1. Adopt a threat-centric approach to security: Attackers don’t discriminate and will take advantage of any gap in protection to reach their end goal. Rather than relying on disparate ‘silver bullet’ technologies that don’t – and can’t – work together, businesses need solutions that address the extended network. This means protecting endpoints, mobile and virtual environments and sharing intelligence in a continuous fashion that spans the full attack continuum– before, during and after an attack. Look for technologies that go beyond point-in-time detection and blocking to include a continuous capability, always watching and never forgetting, so you can mitigate damage once an attacker gets in.

2. Automate security as much as possible: Manual processes are inadequate to defend against relentless attacks that often employ automated techniques to accelerate and broaden attacks.
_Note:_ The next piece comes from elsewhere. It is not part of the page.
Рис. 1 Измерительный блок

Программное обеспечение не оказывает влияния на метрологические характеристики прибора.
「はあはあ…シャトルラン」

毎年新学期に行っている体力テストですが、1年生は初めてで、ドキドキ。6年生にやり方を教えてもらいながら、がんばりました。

Businesses need to reduce labour-intensive tasks and streamline security processes. Tools that can intelligently identify and automatically alert only on relevant security events can save security teams hours investigating events that aren’t real threats. In addition, being able to automatically enforce and tune security policies and rules to keep pace with the changing threat landscape and evolving IT environment minimises risk of exposure to the latest threats and vulnerabilities.
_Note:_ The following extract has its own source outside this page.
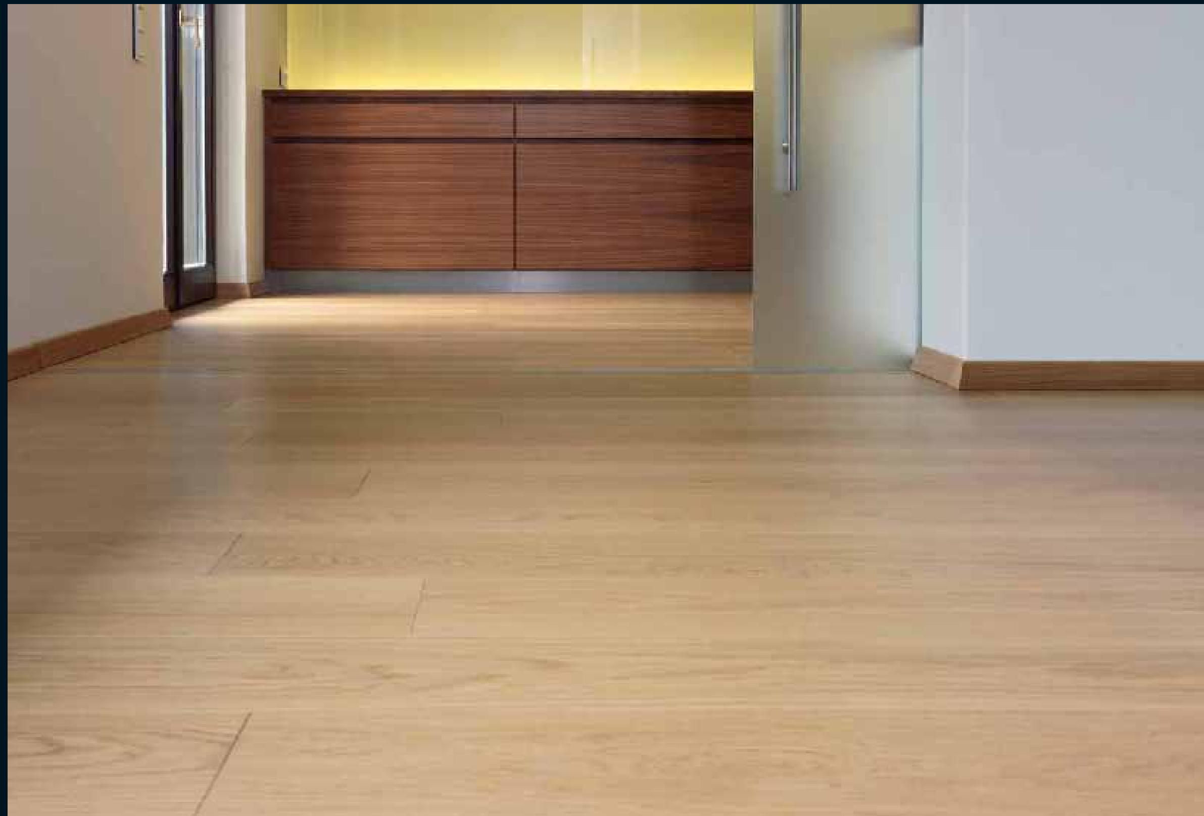
CLASSIC LAUBHOLZ EICHE / Classic hardwoods Oak / Classic feuillus Chêne / Classic latifoglie Rovere / Classic frondosas Roble
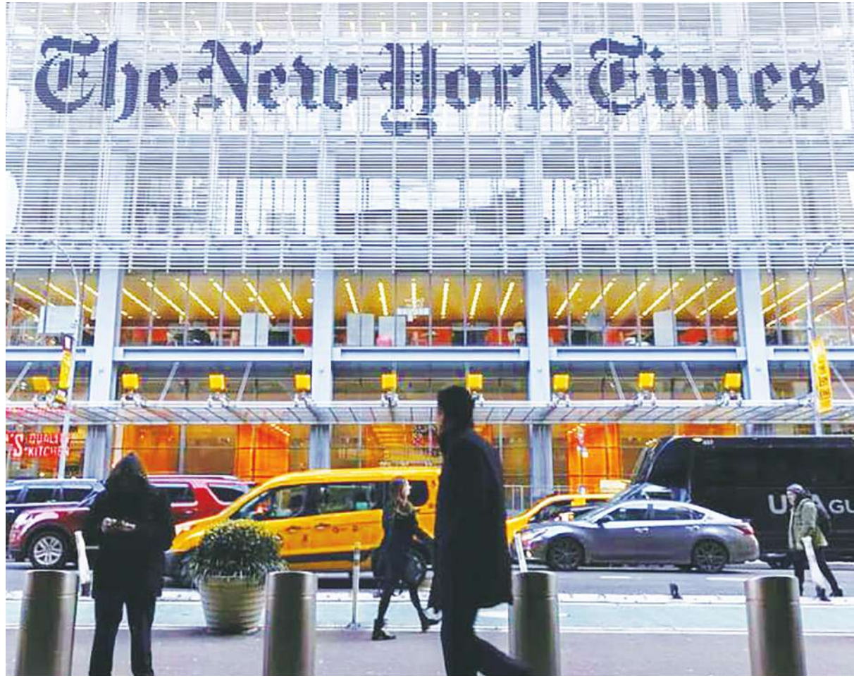
▲紐約時報 27 日控告 OpenAI 與微軟侵害版權，並求償數十億美元。(中央社)

【本報記者呂翔禾綜合報導】不是所有東西都可以拿來餵演算法！紐約時報 27 日控告 OpenAI 與母公司微軟，未經報社同意就使用付費內容訓練 ChatGPT 的大型語言模型 (LLM)。目前 OpenAI 與微軟還面臨其他有關內容許可權的訴訟，也顯示人工智慧發展與智財權維護之間，仍有許多法律爭議待釐清。

3. Leverage retrospective security: Modern threats are able to disguise themselves as safe, pass through defenses unnoticed, remain undetected and later exhibit malicious behaviour. Look for technologies that address this scenario by continuously monitoring files originally deemed “safe” or “unknown” and enabling you to apply retrospective security – the ability to quickly identify scope, track, investigate and remediate if these files are later determined to be malicious.

4. Hone your incident response processes: Security events happen and many organisations don’t have an incident response plan in place. Every organisation should have a designated Incident Response team that is trained to communicate and respond to security events. The team needs to be backed by documented processes and policies. For example, an InfoSec Policy must be put in place to ensure you’re protecting the right data. An Incident Response Runbook with clear step-by-step instructions for the team to follow in the event of an attack, including incident notification and a collaboration call tree, leads to better, swifter and more accurate containment and remediation. Finally, systematic program reviews on a quarterly basis can ensure that your policies, configurations and rules performance are protecting your organisation as needed.

5. Educate users and IT security staff on the latest threats. Educating users so they are wise to these techniques and putting policies in place to restrict user behaviour can go a long way toward preventing these malicious attacks that often rely on relatively simple methods. Organisations must also be committed to keeping their staff highly trained on the current threat landscape. Ongoing professional development with a specific focus on being able to identify an incident, know how to classify it and how to contain and eliminate it will help keep security teams apprised of the latest techniques used by attackers to disguise threats, exfiltrate data and establish beachheads for future attacks.

In a world in which attackers seem to be gaining an advantage, defenders need to fight fire with fire. With the right regulations, compliances and precautions in place, as well as security technologies that enable visibility, automation and intelligence, organisations can help break the attack chain and finally come closer to winning the war against cyber criminals.